Abbiamo intervistato in esclusiva per tuttomercato24.com le dichiarazioni del direttore sportivo del Partinicaudace
E stata sicuramente una stagione intensa, impegnativa e ricca di emozioni. Vivere realtà come Sciacca e Partinico da direttore sportivo significa assumersi responsabilità importanti ogni giorno, lavorando costantemente per dare equilibrio, identità e ambizione ai progetti sportivi. In contesti così bisogna saper gestire pressioni e aspettative, ma allo stesso tempo costruire qualcosa di solido insieme alla società, allo staff e ai ragazzi.
A Sciacca ho vissuto un’esperienza molto intensa e formativa. A luglio abbiamo iniziato un lavoro importante, costruendo una rosa competitiva con l’obiettivo chiaro di fare il salto di categoria. Insieme alla società abbiamo portato giocatori di livello, cercando di creare una squadra forte non solo tecnicamente ma anche dal punto di vista fisico. Purtroppo, per una serie di motivi, il percorso non è andato come tutti speravamo e gli obiettivi iniziali non sono stati raggiunti pienamente. Io sono andato via a dicembre, ma credo di aver lasciato una base importante e una rosa di grande valore. La vittoria della Coppa Italia dimostra la qualità del lavoro fatto in fase di costruzione della squadra e il valore dei calciatori scelti. Nel calcio ognuno ha i propri meriti e le proprie responsabilità, ma personalmente resto convinto che quella rosa avesse qualità importanti e che il lavoro svolto nei mesi iniziali sia stato determinante per creare le condizioni per ottenere certi risultati.

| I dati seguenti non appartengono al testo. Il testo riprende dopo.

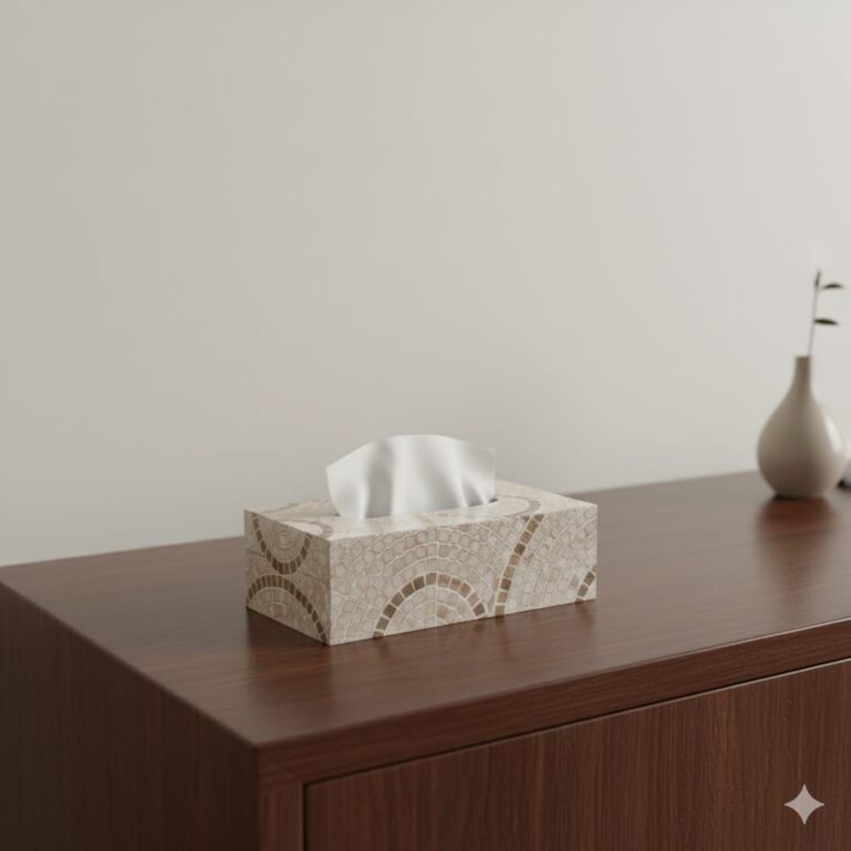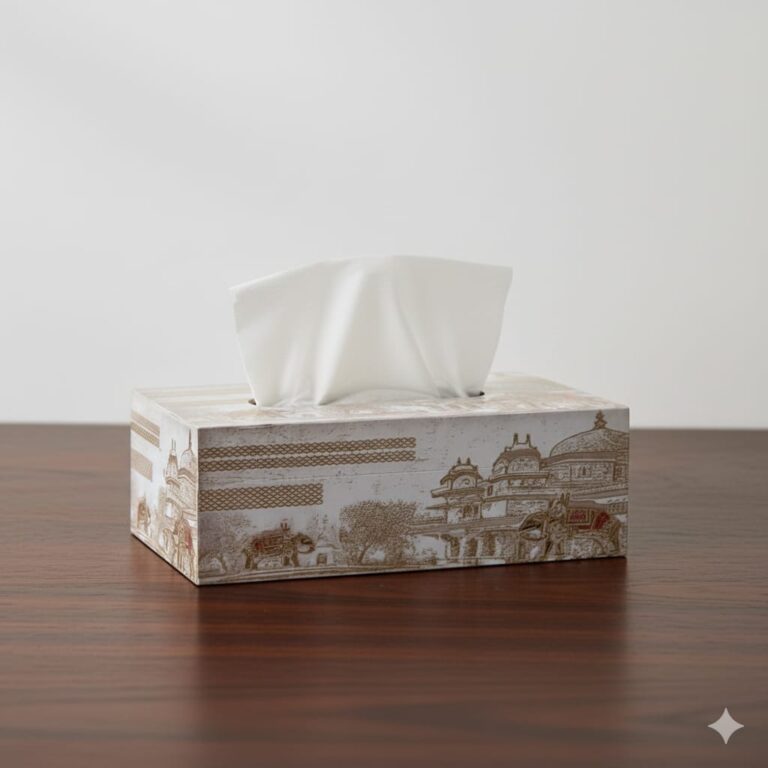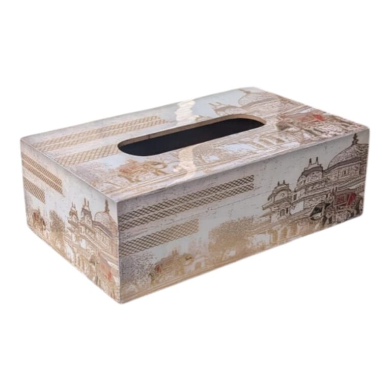 Upgrade your home décor with the Madarks Decorative Tissue Box Cover, thoughtfully crafted from high-quality MDF and finished with an elegant enamel-coated paper print. Designed to combine functionality with aesthetics, this tissue box holder enhances the look of your living room, bedroom, office, or dining area while keeping tissues conveniently accessible.
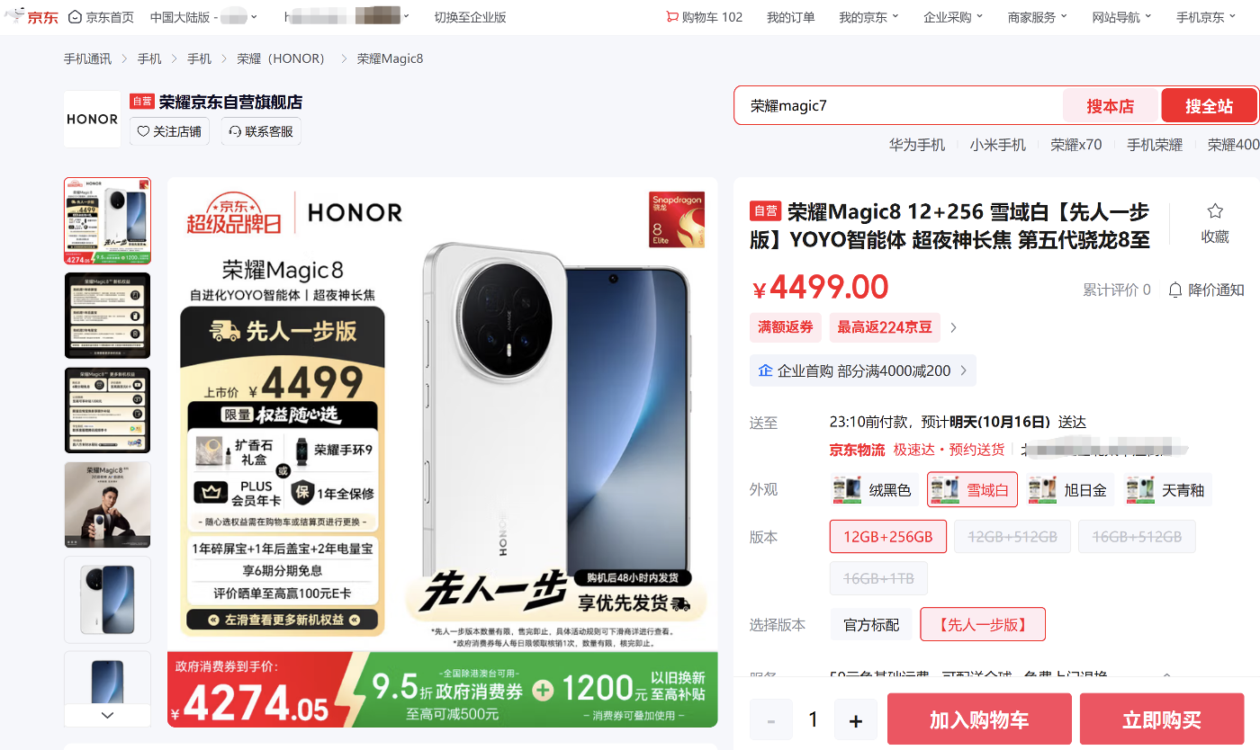 4274元起!來京東11.11參與榮耀Magic8系列預(yù)售 可享9.5折政府消費(fèi)券

Partinico invece mi ha dato la possibilità di confrontarmi con un ambiente diverso ma altrettanto stimolante, dove il lavoro quotidiano e la compattezza del gruppo hanno avuto un ruolo fondamentale. Posso dire che l’obiettivo è stato raggiunto e arrivare fino alla finale playoff è stato il frutto dei sacrifici di tutti. In entrambe le esperienze ho cercato di mettere professionalità, equilibrio e massima dedizione, affrontando ogni scelta con responsabilità e rispetto verso le società che ho rappresentato.
Per il futuro l’obiettivo è continuare a crescere in questo ruolo, portando avanti progetti seri e ambiziosi. Dopo la stagione vissuta sento di avere maturato ancora più esperienza e consapevolezza, sia dal punto di vista umano che professionale.